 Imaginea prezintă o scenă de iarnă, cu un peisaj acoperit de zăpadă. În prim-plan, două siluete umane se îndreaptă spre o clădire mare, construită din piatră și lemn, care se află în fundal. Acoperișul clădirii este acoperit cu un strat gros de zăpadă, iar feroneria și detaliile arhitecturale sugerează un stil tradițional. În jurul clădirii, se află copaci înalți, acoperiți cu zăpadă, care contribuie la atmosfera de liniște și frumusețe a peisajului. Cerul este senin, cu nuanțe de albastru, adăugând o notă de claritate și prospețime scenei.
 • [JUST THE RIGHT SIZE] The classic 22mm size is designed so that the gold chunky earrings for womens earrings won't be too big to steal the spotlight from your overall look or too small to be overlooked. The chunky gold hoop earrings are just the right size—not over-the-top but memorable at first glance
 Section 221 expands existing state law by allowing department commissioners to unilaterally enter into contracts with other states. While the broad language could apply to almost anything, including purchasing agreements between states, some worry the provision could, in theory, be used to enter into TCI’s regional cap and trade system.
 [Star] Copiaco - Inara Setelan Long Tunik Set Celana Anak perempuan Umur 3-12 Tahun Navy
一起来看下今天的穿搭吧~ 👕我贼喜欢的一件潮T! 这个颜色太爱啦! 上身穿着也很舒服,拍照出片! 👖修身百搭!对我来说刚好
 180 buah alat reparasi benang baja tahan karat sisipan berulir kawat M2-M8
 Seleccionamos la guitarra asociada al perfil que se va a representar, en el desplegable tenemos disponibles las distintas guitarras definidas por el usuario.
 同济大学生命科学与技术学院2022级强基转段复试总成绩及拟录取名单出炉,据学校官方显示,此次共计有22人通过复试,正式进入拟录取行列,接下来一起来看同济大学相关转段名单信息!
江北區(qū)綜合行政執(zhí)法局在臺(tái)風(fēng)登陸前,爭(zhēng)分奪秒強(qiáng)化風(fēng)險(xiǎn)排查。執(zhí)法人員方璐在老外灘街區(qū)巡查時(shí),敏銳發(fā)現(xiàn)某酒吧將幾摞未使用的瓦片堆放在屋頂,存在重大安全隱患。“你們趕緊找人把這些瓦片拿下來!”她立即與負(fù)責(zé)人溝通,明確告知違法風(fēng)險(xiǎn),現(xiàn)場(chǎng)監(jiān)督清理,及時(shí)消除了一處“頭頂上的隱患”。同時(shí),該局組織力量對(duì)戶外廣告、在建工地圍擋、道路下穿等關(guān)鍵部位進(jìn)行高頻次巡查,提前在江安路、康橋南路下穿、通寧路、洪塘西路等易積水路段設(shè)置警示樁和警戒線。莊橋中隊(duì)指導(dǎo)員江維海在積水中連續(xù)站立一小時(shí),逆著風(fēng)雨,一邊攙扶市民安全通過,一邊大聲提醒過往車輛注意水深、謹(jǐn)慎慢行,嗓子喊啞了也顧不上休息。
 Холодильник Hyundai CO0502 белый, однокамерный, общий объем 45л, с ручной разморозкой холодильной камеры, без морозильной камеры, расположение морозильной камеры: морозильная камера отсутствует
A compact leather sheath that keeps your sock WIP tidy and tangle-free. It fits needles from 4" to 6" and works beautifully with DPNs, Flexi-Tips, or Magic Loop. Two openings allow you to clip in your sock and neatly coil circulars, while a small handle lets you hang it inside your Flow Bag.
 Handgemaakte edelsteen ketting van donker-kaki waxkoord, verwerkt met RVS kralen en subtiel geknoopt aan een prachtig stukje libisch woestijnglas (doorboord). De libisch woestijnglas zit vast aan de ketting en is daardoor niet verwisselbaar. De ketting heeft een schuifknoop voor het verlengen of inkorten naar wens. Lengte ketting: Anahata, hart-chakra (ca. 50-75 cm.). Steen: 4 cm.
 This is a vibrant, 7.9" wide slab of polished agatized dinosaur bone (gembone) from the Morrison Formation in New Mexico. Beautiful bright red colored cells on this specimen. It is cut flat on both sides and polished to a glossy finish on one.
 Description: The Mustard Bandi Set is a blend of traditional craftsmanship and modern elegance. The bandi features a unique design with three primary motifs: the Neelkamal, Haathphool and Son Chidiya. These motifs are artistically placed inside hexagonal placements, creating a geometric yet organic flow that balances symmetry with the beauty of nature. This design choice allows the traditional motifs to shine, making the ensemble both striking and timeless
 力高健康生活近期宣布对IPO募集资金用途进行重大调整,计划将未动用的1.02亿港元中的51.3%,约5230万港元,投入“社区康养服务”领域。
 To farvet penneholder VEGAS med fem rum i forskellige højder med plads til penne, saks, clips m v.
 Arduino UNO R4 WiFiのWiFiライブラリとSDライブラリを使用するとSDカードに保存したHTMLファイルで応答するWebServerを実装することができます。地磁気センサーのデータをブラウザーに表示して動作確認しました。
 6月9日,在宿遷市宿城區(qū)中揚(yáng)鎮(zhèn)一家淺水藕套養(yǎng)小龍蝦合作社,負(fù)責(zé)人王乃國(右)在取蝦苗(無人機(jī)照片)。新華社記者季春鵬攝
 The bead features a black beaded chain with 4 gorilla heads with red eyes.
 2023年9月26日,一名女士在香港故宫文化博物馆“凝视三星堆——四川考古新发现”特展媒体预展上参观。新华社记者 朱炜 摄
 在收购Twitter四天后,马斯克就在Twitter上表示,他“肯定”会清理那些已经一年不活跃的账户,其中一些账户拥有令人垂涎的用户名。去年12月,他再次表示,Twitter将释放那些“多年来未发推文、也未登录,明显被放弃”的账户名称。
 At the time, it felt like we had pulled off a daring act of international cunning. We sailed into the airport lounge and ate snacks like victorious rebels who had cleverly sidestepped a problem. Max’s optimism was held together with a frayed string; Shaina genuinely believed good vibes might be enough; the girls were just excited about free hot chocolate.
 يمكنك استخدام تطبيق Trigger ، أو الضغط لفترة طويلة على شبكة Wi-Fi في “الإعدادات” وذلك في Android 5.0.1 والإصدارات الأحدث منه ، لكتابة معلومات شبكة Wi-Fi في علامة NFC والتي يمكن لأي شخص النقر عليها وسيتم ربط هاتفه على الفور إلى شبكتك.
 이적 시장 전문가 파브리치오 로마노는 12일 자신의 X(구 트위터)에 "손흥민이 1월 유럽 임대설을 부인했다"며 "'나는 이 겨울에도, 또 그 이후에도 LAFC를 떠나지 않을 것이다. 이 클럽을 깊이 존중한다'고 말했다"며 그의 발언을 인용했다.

▶ What the task requires: Take the line with "6月9日,在宿遷市宿城區(q" and all lines after it through the end of the records, and write them out exactly; include nothing else.

▶ Task result:
 6月9日,在宿遷市宿城區(qū)中揚(yáng)鎮(zhèn)一家淺水藕套養(yǎng)小龍蝦合作社,負(fù)責(zé)人王乃國(右)在取蝦苗(無人機(jī)照片)。新華社記者季春鵬攝
 The bead features a black beaded chain with 4 gorilla heads with red eyes.
 2023年9月26日,一名女士在香港故宫文化博物馆“凝视三星堆——四川考古新发现”特展媒体预展上参观。新华社记者 朱炜 摄
 在收购Twitter四天后,马斯克就在Twitter上表示,他“肯定”会清理那些已经一年不活跃的账户,其中一些账户拥有令人垂涎的用户名。去年12月,他再次表示,Twitter将释放那些“多年来未发推文、也未登录,明显被放弃”的账户名称。
 At the time, it felt like we had pulled off a daring act of international cunning. We sailed into the airport lounge and ate snacks like victorious rebels who had cleverly sidestepped a problem. Max’s optimism was held together with a frayed string; Shaina genuinely believed good vibes might be enough; the girls were just excited about free hot chocolate.
 يمكنك استخدام تطبيق Trigger ، أو الضغط لفترة طويلة على شبكة Wi-Fi في “الإعدادات” وذلك في Android 5.0.1 والإصدارات الأحدث منه ، لكتابة معلومات شبكة Wi-Fi في علامة NFC والتي يمكن لأي شخص النقر عليها وسيتم ربط هاتفه على الفور إلى شبكتك.
 이적 시장 전문가 파브리치오 로마노는 12일 자신의 X(구 트위터)에 "손흥민이 1월 유럽 임대설을 부인했다"며 "'나는 이 겨울에도, 또 그 이후에도 LAFC를 떠나지 않을 것이다. 이 클럽을 깊이 존중한다'고 말했다"며 그의 발언을 인용했다.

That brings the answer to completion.